North West Thunder, commonly referred to as Thunder, are a women's cricket team that represent Lancashire and North West England, one of eight regional hubs in English domestic women's cricket. They play their home matches at various grounds, including Old Trafford Cricket Ground. They are captained by Eleanor Threlkeld and coached by Paul Shaw. The team carries over many elements of the WCSL team Lancashire Thunder, but are now partnered with Lancashire, Cheshire and Cumbria.

History
In 2020, women's cricket in England was restructured, creating eight new 'regional hub' teams, with the intention of playing both 50-over and 20-over cricket. North West Thunder were one of the sides created under this structure, effectively replacing the Women's Cricket Super League team Lancashire Thunder and representing Lancashire and North West England, partnering with Lancashire, Cheshire and Cumbria. The side was to be captained by Alex Hartley and coached by Paul Shaw. Due to the COVID-19 pandemic, the 2020 season was truncated, and only 50-over cricket was played, in the Rachael Heyhoe Flint Trophy. North West Thunder finished third in the North Group of the competition, winning two of their six matches. At the end of the season, five Thunder players were given full-time domestic contracts, the first of their kind in England: Alex Hartley, Georgie Boyce, Emma Lamb, Eleanor Threlkeld and Hannah Jones.
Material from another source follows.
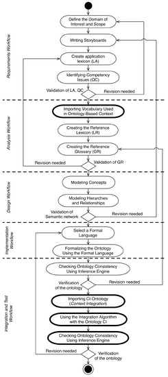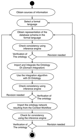 - Using the Integration Algorithm with CI Ontology: After the importation of the ontologies’ vocabularies, the designers must integrate these ontologies, generating a net of ontologies. This network of ontologies will be used in the next steps of the workflow.

The following season, 2021, North West Thunder competed in both the Rachael Heyhoe Flint Trophy and the newly-formed Twenty20 competition, the Charlotte Edwards Cup. In the Charlotte Edwards Cup the side finished third in their group, winning two of their six matches, as well as their away match against Sunrisers ending in a tie. Thunder batter Emma Lamb hit the first Charlotte Edwards Cup century in the reverse fixture against Sunrisers, as her side made the highest team score of the tournament, 186/1. In the Rachael Heyhoe Flint Trophy, the team finished seventh in the group of eight, winning three of their seven matches. North West Thunder bowler Hannah Jones was the joint-second highest wicket-taker in the tournament, with 14 wickets.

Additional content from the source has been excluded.